03 noviembre, 2009

Mictlán con flores tristes.

Se acercó desolada con plena intención de llorarle, de nuevo.

Sus ojos vidriosos no podían creer lo que veían: Era la tumba de su abuela que no visitaba desde hacía mucho tiempo.

Entre las luces que ahora adornaban el escenario del cementerio parecían verse con un incandescente color que jamás había visto. Las flores emitían ese olor peculiar que tanto detestó.

El copal emergía en un humo intenso que le atraía de una forma descomunal, como induciéndola al camino que debía tomar. Ya no era posible oponerse: Tenía que seguirlo... Y la llevó hasta la tumba de su abuela. No creía lo que estaba pasando hasta que se percató de que ya era una de ellas: De las almas que regresan.

Las flores ya no eran tan vivarachas como las que ponía en la ofrenda junto a su madre, el alma de la abuela tocó lo que ahora reconocía como su propio hombro, diciéndole: Acompáñame, si no sabes que hacer yo te mostraré como regresar.

Su ex esposo le había dejado un vaso de agua y un trago de whiskey en la mesa; un cigarro y un pan de muerto, al lado de la veladora. Una fotografía de ella donde lucía radiante con el pelo largo lacio hasta los hombros. Sí, ella había muerto y ahora le tocaba regresar.

Y mira si es que el destino es grande: Nunca creyó en el mito de día de muertos. Ahora le era complicado saber que sólo ese día podría estar con su amado.

Sin importarle los consejos de la abuela, ella subió las escaleras y lo encontró dormido, abrazando su viejo diario. Se sentó a su lado y quiso tocarle el rostro, tal y como él lo había hecho en su lecho de muerte y pese a todos sus esfuerzos no pudo más que llorar.

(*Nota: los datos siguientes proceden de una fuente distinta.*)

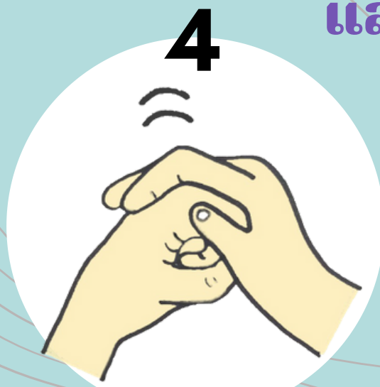
4 หลังนิ้วถูฝ่ามือ
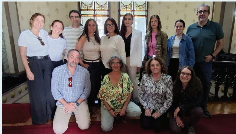
5º encontro de parceiros do projeto (na Roménia)

Entre os dias 26 e 27 de setembro, realizou-se na Roménia o 5º e último encontro de parceiros do projeto ERASMUS+
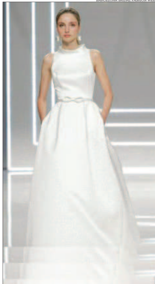
Model de Rosa Clará.
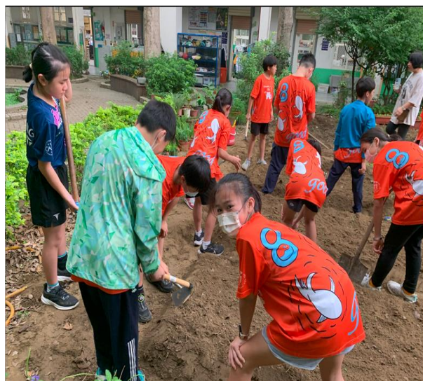
親近綠水農園，栽植植物
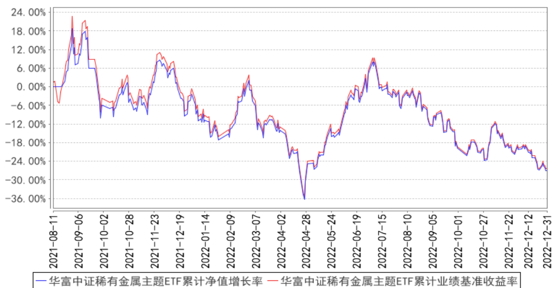
华富中证稀有金属主题ETF累计净值增长率与同期业绩比较基准收益率的历史走势图

注：根据《华富中证稀有金属主题交易型开放式指数证券投资基金》的规定，本基金的投资组合比例为：本基金投资于标的指数成份股和备选成份股的资产比例不低于基金资产净值的90%，且投资于标的指数成份股和备选成份股的资产比例不低于非现金基金资产的80%；股指期货及其他金融工具的投资比例依照法律法规或监管机构的规定执行。本基金建仓期为2021年8月11日到2022年2月11日，建仓期结束各项资产配置比例符合合同约定。本报告期，本基金严格执行了《华富中证稀有金属主题交易型开放式指数证券投资基金》的相关规定。
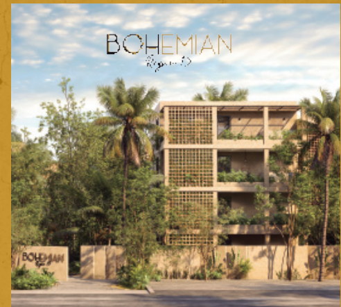
91 Departamentos, Tulum, Q. Roo
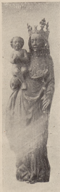
Madonna z Płaszkowej około r. 1430.

Część pierwsza, napisana przez Ryszarda Hamanna, profesora uniwersytetu w Marburgu, jest jedną z najlepszych historyj sztuki ostatniej doby, ujmującą szeroko dzieje prądów i stylów, z uwzględnieniem ich podłoża społecznego, ich wzajemnych oddziaływań i przemian. Dzieło to rozeszło się w oryginale w imponującej ilości 300.000 egzemplarzy, dosłownie w całym świecie, i to niespełna w ciągu jednego tylko ubiegłego roku!
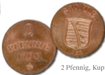
2 Pfennig, Kupfer
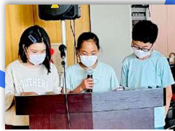
KKメンバー3人による司会練習もバッチリです
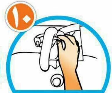
با همان دستمال شیر آب را ببندید و دستمال را در سطل زباله بیاندازید.
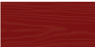
Red Brown 124
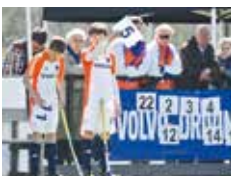
Wisselen van spelers

Je mag spelers die niet in het veld staan altijd wisselen met spelers in het veld. Behalve als er een strafcorner wordt genomen, dan mag je niet wisselen.
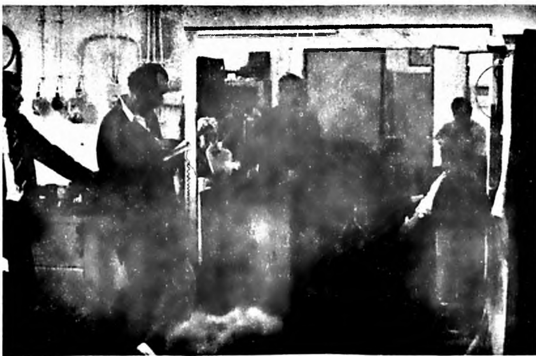
A műszaki konferenciát követően termelési tanácskozásokon vitatták meg dolgozóink a IV. negyedévi célkitűzéseket. Képünk, a karbantartó üzemszermelési tanácskozásán készült.

nyű” cigaretták közé tartozik. A Milde Sorte füstszűrője is eltér a hagyományostól, a filter előtti papíron apró lyukak vannak, amelyeken a szíváskor friss levegő áramlik be, s ezáltal növekszik a filter szűrőképessége. Az Austria Tabakwerke nemcsak a gyártási leírást, hanem pác- és aroma anyagokat is szállít a magyar partnernek.
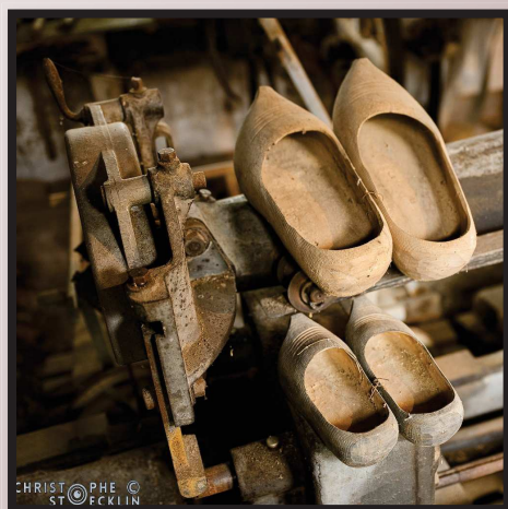
Journée du Patrimoine
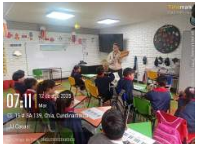
Clase JJ Casas, 12 de agosto.
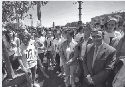
Acte institucional del Dia d'Europa a Lleida. 9 de maig de 2007
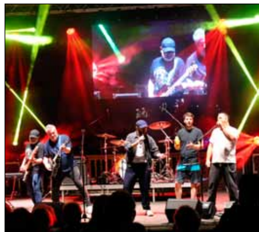
Crazy Little Queen együttes a hihetetlenül gazdag Queen életmű világlágereit hozta el a Rendezvényparkba
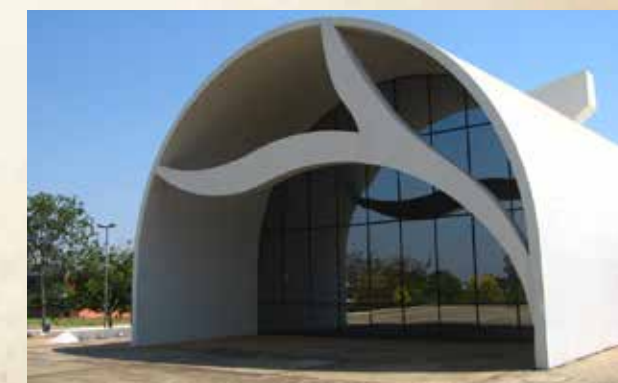
Memorial Coluna Prestes

O memorial Coluna Prestes é um dos mais famosos pontos turísticos de Palmas e foi criado pelo arquiteto Oscar Niemeyer. O Espaço Cultural agrega o que há de melhor em cultura, artes e entretenimento. O Theatro Fernanda Montenegro é palco das principais peças e espetáculos da cena artística regional e nacional. O Cine Cultura é o mais rico espaço para a cena cult do audiovisual e para as produções nacionais. Há ainda o NILA (biblioteca e galeria de artes). A cidade de Palmas também é conhecida como o "Umbigo do Brasil" já que seu marco zero é o ponto mais central do país.
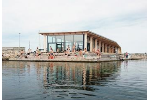
Madpakkehus Røsnæs Havn
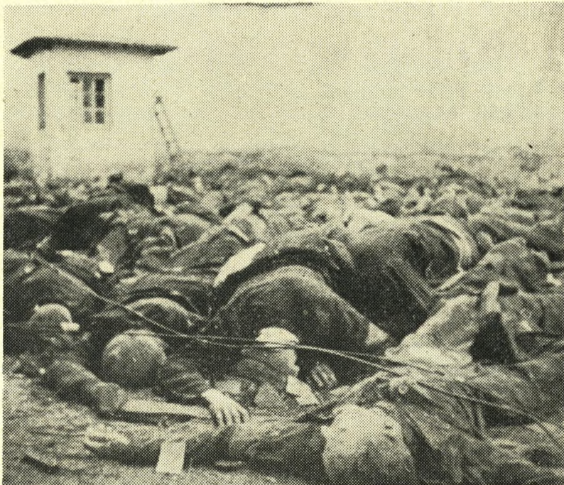
Krigsfanger mejet ned af nazisterne i 1944.
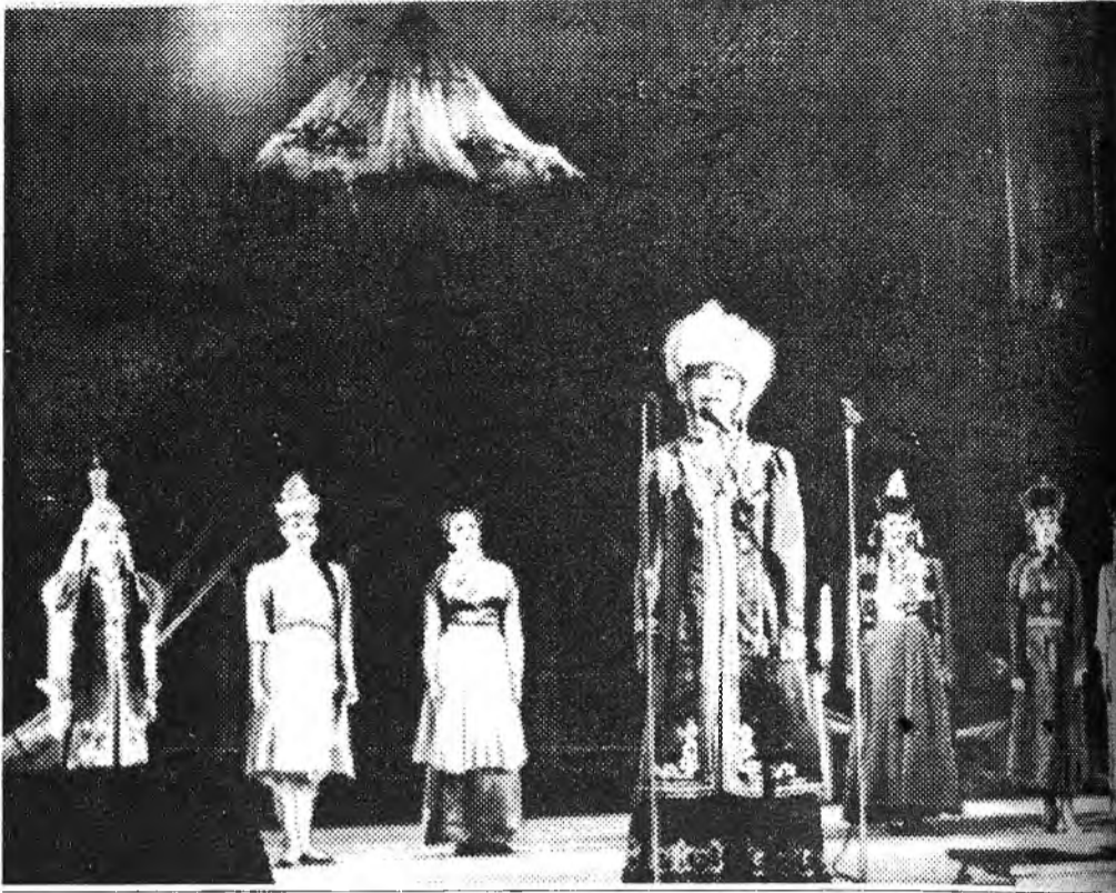
Элүүр энхын булан
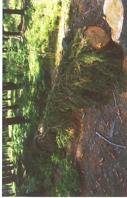
Lapák zakrytý větvemi

Lapák je pokácený a odvětrý strom, podložený (aby brouci mohli využít celou plochu kmene) a zpravidla zakrytý větvemi (zpomalení vysychání kůry). Kácí se před předpokládaným začátkem rojení, tj. zpravidla do konce března. Lapáky se musí kontrolovat, a to především z důvodu jejich obsazení, aby bylo možné včas přikácet další lapáky. Ty se přikácují, je-li lapák plně obsazen (cca 1 závrt na 1 dm 2 v nejhustější napadené části kmene). Současně se kontroluje vývoj lýkožroutů, aby bylo možné lapáky včas asanovat.
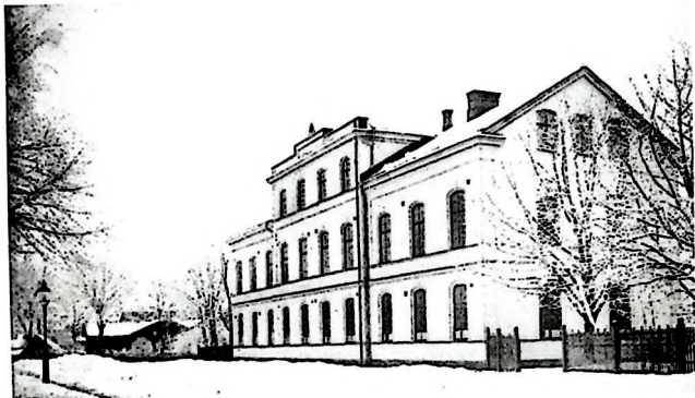
Hantverksskolans lokaler. (Nuvarande Tingvallaskolan vid Drottninggatan.)

till honom en subskriberad fond å 250 kr., som jämte hans eget tillskott blev grundplåten till den ännu existerande Brockmanska fonden.

Sus lágrimas se disipaban con horror a la leve llovizna que sucedía afuera. Comprendió que por más que tratara él no se percataría de su presencia pero quiso estar segura: Le susurró al oído un "siempre te amaré".

Casi amanecía cuando tuvo que retirarse. Junto con su abuela emprendió el viaje de regreso al más allá.

A la mañana siguiente, el ex esposo ahora viudo se levantó temprano pese a que era 2 de noviembre y su empresa había decidió día de descanso.

En la ducha trataba de recordar lo soñado esa noche, pero pronto decidió dejar esa idea pues le dolía comprobar que casi siempre soñaba con ella. Con la muerta.

Ya frente al espejo recordó el susurro. Dijo en voz alta: Regresaste.

Supo que no fue en vano haber elegido hacer su pequeña ofrenda, pese a que su difunta esposa nunca creyó en los días de muertos.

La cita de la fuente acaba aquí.